Setelah masuknya agama Islam dan Kristen, pesta perkawinan dan kematian sudah disesuaikan antara
upacara adat setempat dengan upacara menurut agama penganutnya. Demikian juga upacara yang
mengikuti ajaran Islam seperti: Khitan (Posuna), Khatam (Popatama) dan gunting rambut bayi usia 40
hari (Niore ritoya), penyelenggaraannya berdasarkan ajaran agama Islam.
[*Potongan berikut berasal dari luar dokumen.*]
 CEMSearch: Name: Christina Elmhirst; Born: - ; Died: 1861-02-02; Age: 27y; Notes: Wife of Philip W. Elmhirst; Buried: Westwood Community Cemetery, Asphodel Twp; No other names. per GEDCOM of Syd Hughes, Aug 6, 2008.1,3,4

Beberapa instrumen musik yang dikenal dalam kesenian suku Kaili antara lain: Kakula (disebut juga
gulintang, sejenis gamelan pentatonis),Lalove (serunai), nggeso-nggeso (rebab berdawai dua), gimba
(gendang), gamba-gamba (gamelan datar/kecil), goo (gong), suli (suling).
Salah satu kerajinan masyarakat suku Kaili adalah menenun sarung. Ini merupakan kegiatan para wanita
di daerah Wani, Tavaili, Palu, Tipo dan Donggala. Sarung tenun ini dalam bahasa Kaili disebut Buya Sabe,
tetapi oleh masyarakat umum sekarang dikenal dengan Sarung Donggala. Jenis Buya Sabe ini pun
mempunyai nama-nama tersendiri berdasarkan motif tenunannya, seperti Bomba, Subi atau Kumbaja.
Demikian juga sebutan warna sarung Donggala didasarkan pada warna alam,seperti warna
Sesempalola / kembang terong (ungu), Lei-Kangaro/merah betet (merah-jingga), Lei-pompanga (merah
ludah sirih).

Di daerah Kulawi masih ditemukan adanya pembuatan bahan pakaian yang diproses dari kulit kayu yang
disebut Katevu. Pakaian dari kulit Kayu Katevu ini sebagian besar dipakai oleh para wanita dalam bentuk
rok dan baju adat.

Sebelum masuknya agama ke Tanah Kaili, masyarakat suku Kaili masih menganut animisme, pemujaan
kepada roh nenek moyang dan dewa sang Pencipta (Tomanuru), dewa Kesuburan (Buke/Buriro) dan
dewa Penyembuhan (Tampilangi). Agama Islam masuk ke Tanah Kaili, setelah datangnya seorang Ulama
Islam, keturunan Datuk/Raja yang berasal dari Minangkabau bernama Syekh Abdullah Raqie. Ia beserta
pengikutnya datang ke Tanah Kaili setelah bertahun-tahun bermukim belajar agama di Mekkah. Di Tanah
Kaili, Syekh Abdullah Raqie dikenal dengan nama Dato Karama/Datuk Karama (Datuk Keramat), karena
masyarakat sering melihat kemampuan dia yang berada di luar kemampuan manusia pada umumnya.
Makam Dato Karama sekarang merupakan salah satu cagar budaya yang di bawah pengawasan
Pemerinta Daerah.

Hubungan kekerabatan masyarakat suku Kaili sangat tampak kerjasamanya pada kegiatan-kegiatan pesta
adat, kematian, perkawinan dan kegiatan bertani yang disebut SINTUVU (kebersamaan/gotong royong).